Austin said his historically accurate drawing, complete with a horse statue in the window of the old feed store, was drawn using a ruler and pencil.
"We were learning about rulers and measurement in art class," he said.
The 11-year-old is familiar with his spot on the wall because for the past five years, that's where his artwork has hung at the Jackson All-District Art Exhibit. In several years, Austin's art will hang from display boards in the center of the room, where the high school artwork is displayed -- at least that's what his mother, Martha Austin, hopes.
"I think he's got some talent. I hope he pursues art in junior high and high school," Martha Austin said Sunday afternoon.
More than 600 pieces of kindergarten through high school students' artwork was on display over the weekend at the Jackson Art Department's annual exhibit.

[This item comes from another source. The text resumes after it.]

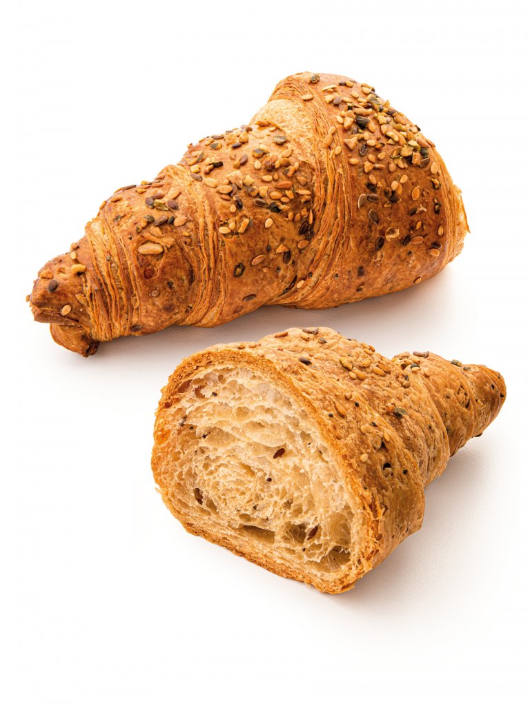 L'impasto briosciato offre consistenza e morbidezza oltre che un mix di semi di lino, girasole, papavero, sesamo e zucca sia all'interno che in superficie. Un croissant adatto a farciture dolci e salate, dal gusto neutro, ottimo anche da mangiare così com'è.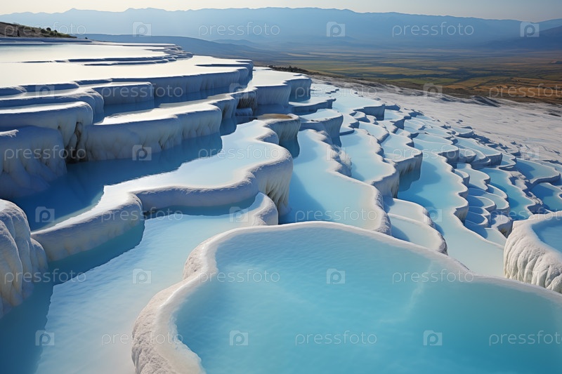 Красивый пейзаж с бирюзовой чистой водой в естественном каскаде минеральных источников

The student's work included drawings, paintings, printmaking, sculptures and fibers.
Carol Horst, South Elementary School art teacher, said the art exhibit has been held for approximately 14 years.
"Art is meant to be seen and this is a way for all of our students to show off their work. By having this exhibit open for all students, the elementary students can see what happens if they stay in the art program," Horst said.

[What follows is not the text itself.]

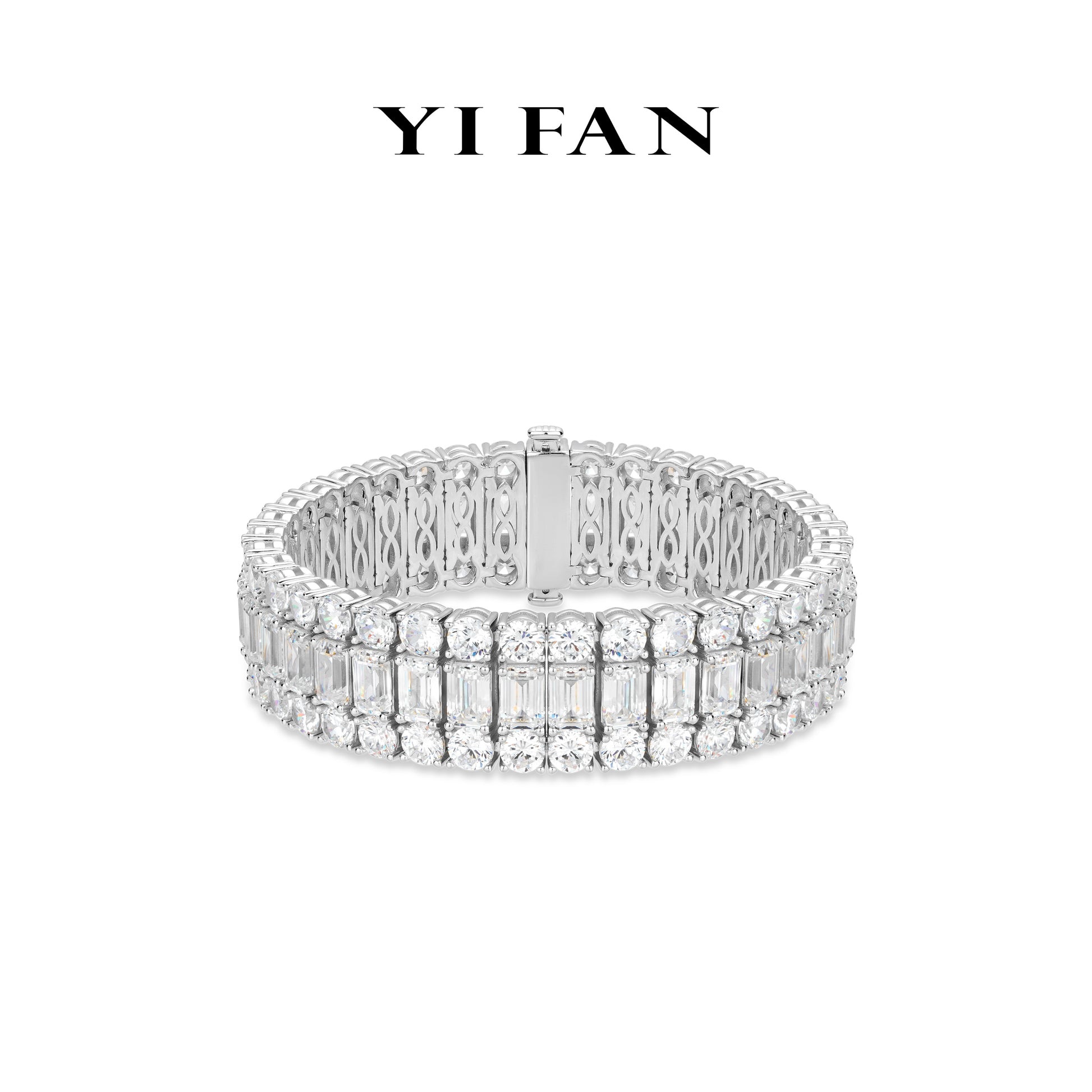 Pre-order High Jewelry collection: Luxury "Threesome Brilliant & Emerald-cut Ice Rocks" detailed Tennis Bracelet

It also helps Jackson's art teachers to continually try to improve their curriculums. "It helps me want to be a better art teacher. We can see what areas we need to improve on and where we can make changes in the program," Horst said.
In addition to the displayed artwork, various hands-on art centers were located throughout the room. The public had the opportunity to make jewelry, sculpt clay finger puppets and have their portraits drawn by upper level art students.
Lauren Fisher, 7, and Sydney Bratina, 8, sat at a table making animal finger puppets out of clay. Jackson Middle School art teacher, Leigh Rampley, helped both girls with their creations.
"I'm making a ladybug for my teacher," Bratina said as she drew black spots onto the clay.
Fisher was in the process of making her fourth finger puppet, a cat.
Students who participated in the hands-on activities were required to pay $1 for the materials; all money raised will help buy supplies for next year's art exhibit.
As Bratina finished creating her ladybug on Sunday, she discussed her favorite subject in school.
"It used to be math, but now it's art," Bratina said.